# How to roast a pheasant



## Suthseaxa (Dec 3, 2016)

I have just picked up a local pheasant from my butcher. I really enjoy pheasant, but I've never found the best way to roast one (or should I say bake?). Timings in recipes vary for many hours to 30mins. I'm not sure which ones to believe! What are your preferred ways to cook one in the oven?


----------



## Roll_Bones (Dec 3, 2016)

I have never had pheasant.  Is it wild or farmed?
 I have eaten wild game before and this is the only time you will read these words.
Crock Pot.

I'm certain someone with experience with pheasant can help you much better than me.
Good luck.


----------



## CakePoet (Dec 3, 2016)

Only  time my exhusband did anything worth mentioning was when he shot a pheasant.
I used this recipe and it came out yummy.
Pot-Roast of Pheasant with Shallots and Caramelised Apples | Recipes | Delia Online


----------



## dragnlaw (Dec 4, 2016)

Haven't done a pheasant in a very long time, since my parents passed.  Always came home with a couple from their freezer when I went to visit. 

Mom always baked them in a milk based sauce casserole and I followed suit. lol, I wasn't very adventurous with cooking back then.  Internet didn't exist to explore like we can now! I just stayed safe and followed Mom.   I will try to find the recipe. 
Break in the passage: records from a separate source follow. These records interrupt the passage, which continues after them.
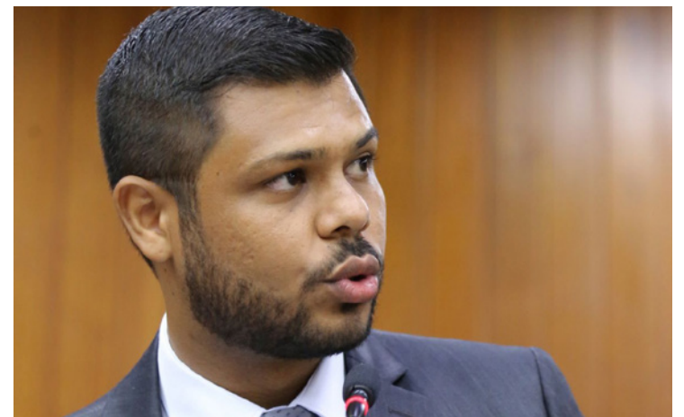
Romário Policarpo, presidente da Câmara Municipal de Goiânia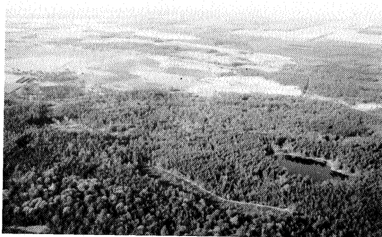
Berkenheuvel met rechts het Adderveen, op de achtergrond Wapserveld met Meeuwenpluis

Ten noorden van de Doldersummerweg van Diever naar Doldersum ligt Berkenheuvel, een bebost heide- en stuifzandgebied van zo'n 750 ha dat in 1969 voor het grootste deel in het bezit kwam van Natuurmonumenten. Een terreinverkenning met Roelof Schuiling.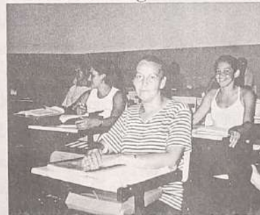
Alunos(a) do curso de enfermagem

Os funcionários práticos de enfermagem estão com os dias contados. O Governo Federal determinou que a partir de 2006, somente "Técnicos em enfermagem" fará parte do quadro de funcionários do ministério da saúde.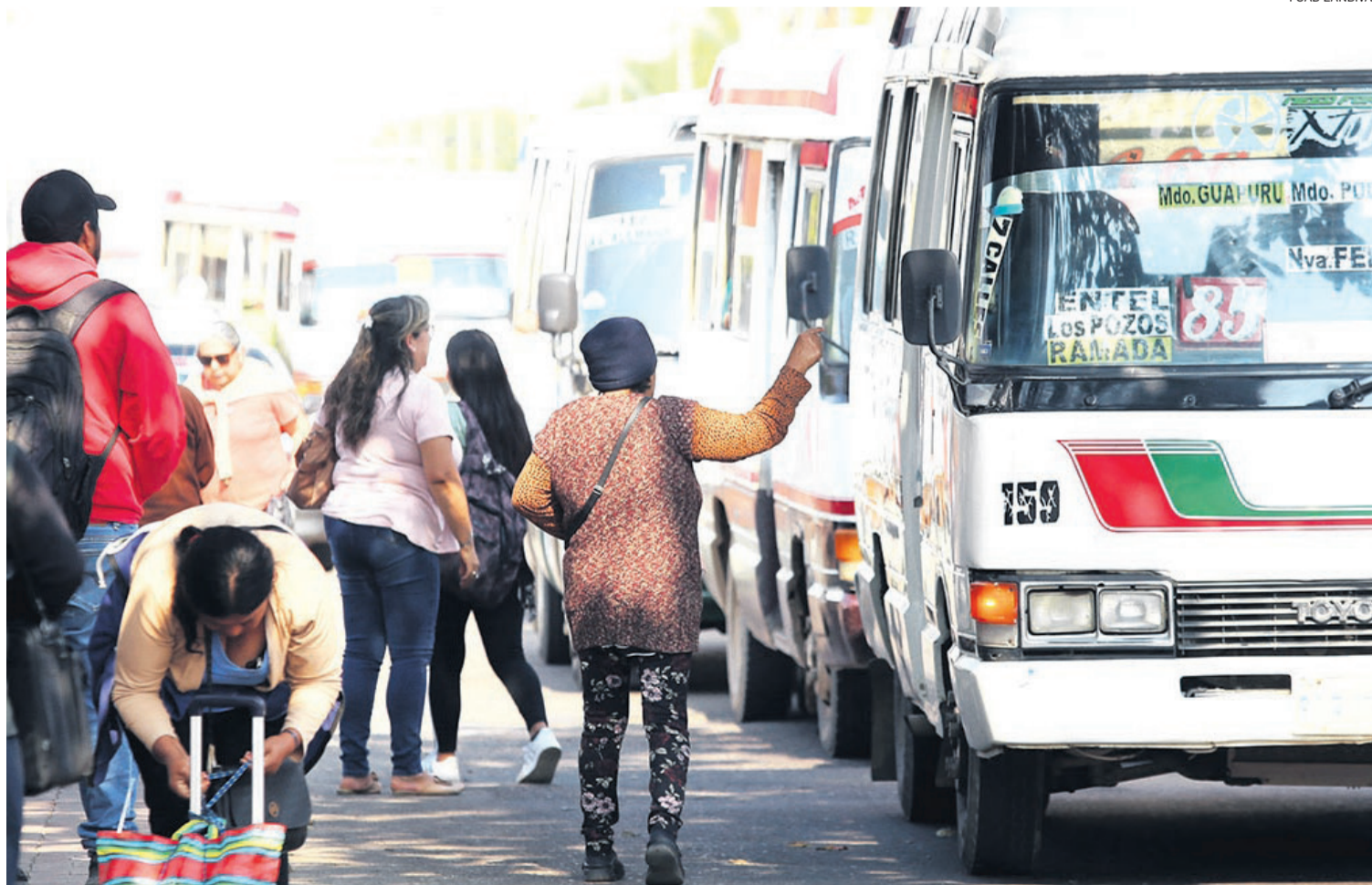
Las autoridades municipales piden a los transportistas someterse al reordenamiento del sistema antes de exigir un ajuste del pasaje

el servicio, la ley es muy clara: se le suspende la autorización para operar en Santa Cruz de la Sierra”, sentenció Fernández que se reunió este domingo con su gabinete para analizar el tema del transporte y la crisis financiera.

Mom used the milk base to help take out the gaminess of the birds.  It worked.


----------



## Sagittarius (May 15, 2017)

Jamie Oliver and The BBC both have some amazing recipes for Pheasant. 

Here is Jamie Oliver´s link:  www.jamieoliver.com/recipes/game/recipes-whole-roasted-pheasant .. 

Ingredients for roasting Pheasant are:

1 litre of home made chicken stock 
1 carrot 
3 small onions
150 butter
1 sprig thyme 
75 Ml. Dry white wine

There are several on the BBC that are prepared similar to a roast turkey, with cranberries and chestnut stuffing; wild mushrooms and potatoes etcetra. 

Hope this helps.


----------